Supplied entries:
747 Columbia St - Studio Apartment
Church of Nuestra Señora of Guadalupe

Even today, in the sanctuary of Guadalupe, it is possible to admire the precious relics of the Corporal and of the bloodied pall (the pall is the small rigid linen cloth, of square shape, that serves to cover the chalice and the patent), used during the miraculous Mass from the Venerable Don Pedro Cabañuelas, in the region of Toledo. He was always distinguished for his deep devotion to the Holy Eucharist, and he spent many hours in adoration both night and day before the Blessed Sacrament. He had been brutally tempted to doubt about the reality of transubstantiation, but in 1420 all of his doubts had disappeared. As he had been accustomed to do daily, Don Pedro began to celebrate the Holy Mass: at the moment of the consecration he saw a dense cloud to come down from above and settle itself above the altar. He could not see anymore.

--

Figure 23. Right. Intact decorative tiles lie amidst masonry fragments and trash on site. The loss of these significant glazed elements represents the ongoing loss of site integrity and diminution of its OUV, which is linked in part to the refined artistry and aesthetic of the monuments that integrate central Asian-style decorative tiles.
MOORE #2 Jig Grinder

* * *

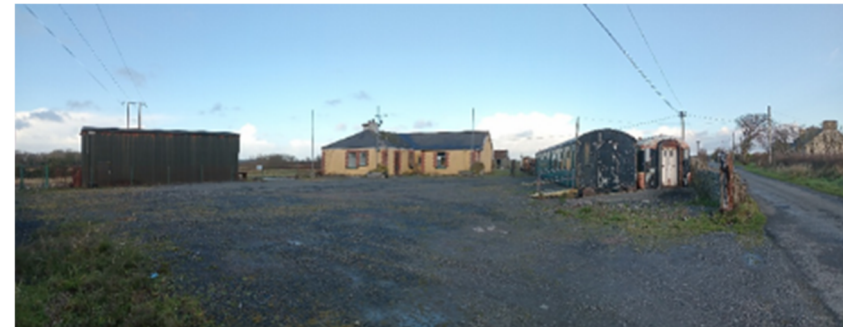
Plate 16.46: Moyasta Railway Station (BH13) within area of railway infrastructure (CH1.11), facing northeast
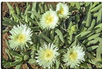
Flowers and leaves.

Brief: Using the data above, reproduce exactly the lines between those holding "747 Columbia St - Studio Apartment" and "Even today, in", inclusive, and no others.

Worked solution:
747 Columbia St - Studio Apartment
Church of Nuestra Señora of Guadalupe

Even today, in the sanctuary of Guadalupe, it is possible to admire the precious relics of the Corporal and of the bloodied pall (the pall is the small rigid linen cloth, of square shape, that serves to cover the chalice and the patent), used during the miraculous Mass from the Venerable Don Pedro Cabañuelas, in the region of Toledo. He was always distinguished for his deep devotion to the Holy Eucharist, and he spent many hours in adoration both night and day before the Blessed Sacrament. He had been brutally tempted to doubt about the reality of transubstantiation, but in 1420 all of his doubts had disappeared. As he had been accustomed to do daily, Don Pedro began to celebrate the Holy Mass: at the moment of the consecration he saw a dense cloud to come down from above and settle itself above the altar. He could not see anymore.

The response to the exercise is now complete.